The answer should consist of the full listing below, repeated exactly and free of pictures.

**Collected data:**
**********

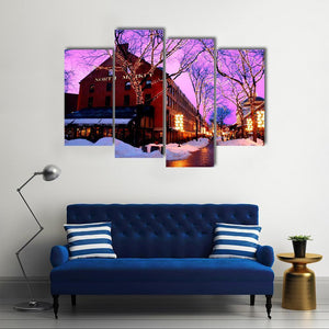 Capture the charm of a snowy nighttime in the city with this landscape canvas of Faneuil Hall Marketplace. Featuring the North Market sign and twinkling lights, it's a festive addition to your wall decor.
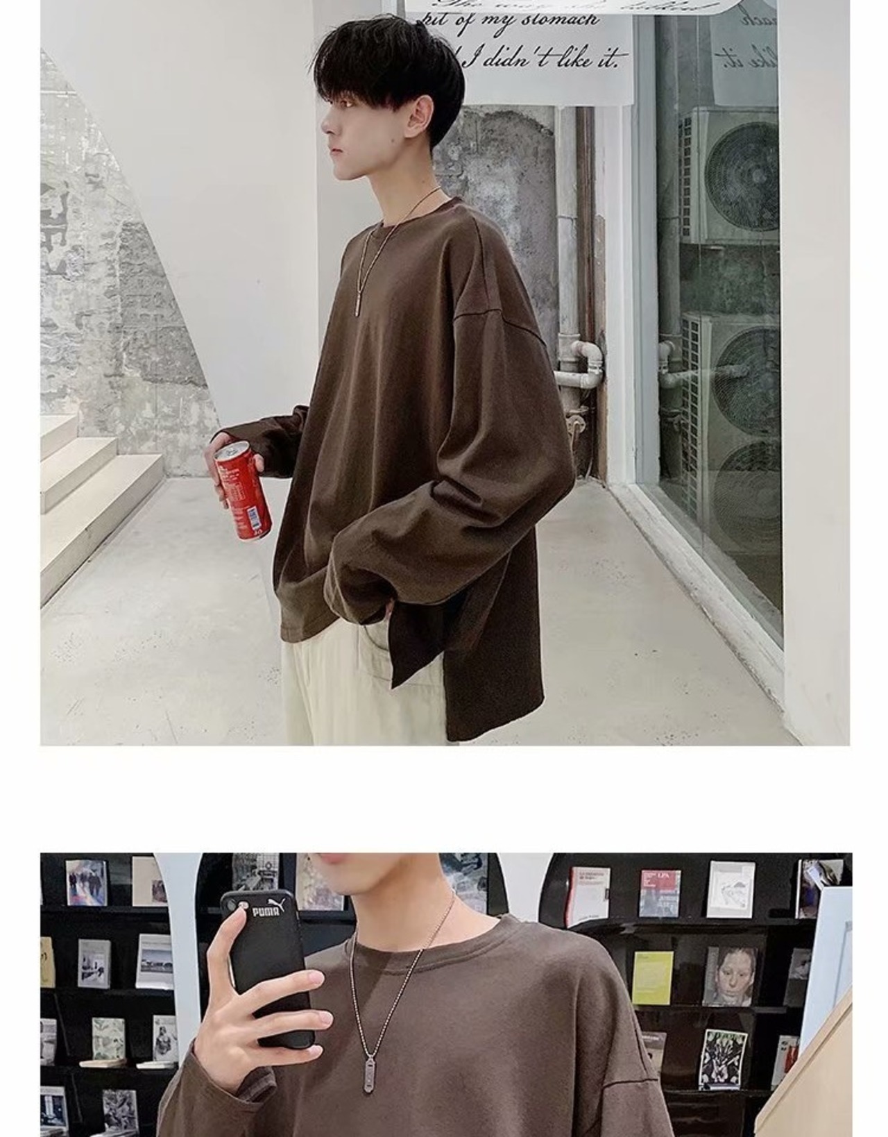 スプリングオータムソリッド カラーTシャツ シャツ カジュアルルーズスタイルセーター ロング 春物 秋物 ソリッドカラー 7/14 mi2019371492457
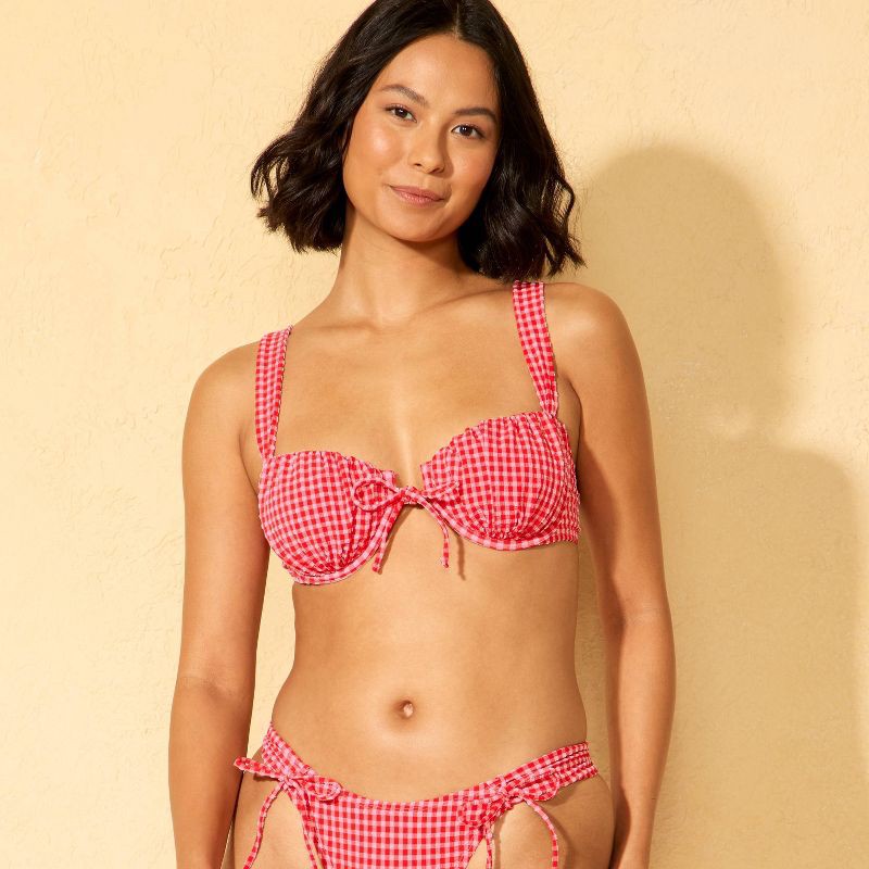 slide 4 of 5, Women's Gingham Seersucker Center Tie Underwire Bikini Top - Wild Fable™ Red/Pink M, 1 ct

**********

**Response area:**
 Capture the charm of a snowy nighttime in the city with this landscape canvas of Faneuil Hall Marketplace. Featuring the North Market sign and twinkling lights, it's a festive addition to your wall decor.
 スプリングオータムソリッド カラーTシャツ シャツ カジュアルルーズスタイルセーター ロング 春物 秋物 ソリッドカラー 7/14 mi2019371492457
 slide 4 of 5, Women's Gingham Seersucker Center Tie Underwire Bikini Top - Wild Fable™ Red/Pink M, 1 ct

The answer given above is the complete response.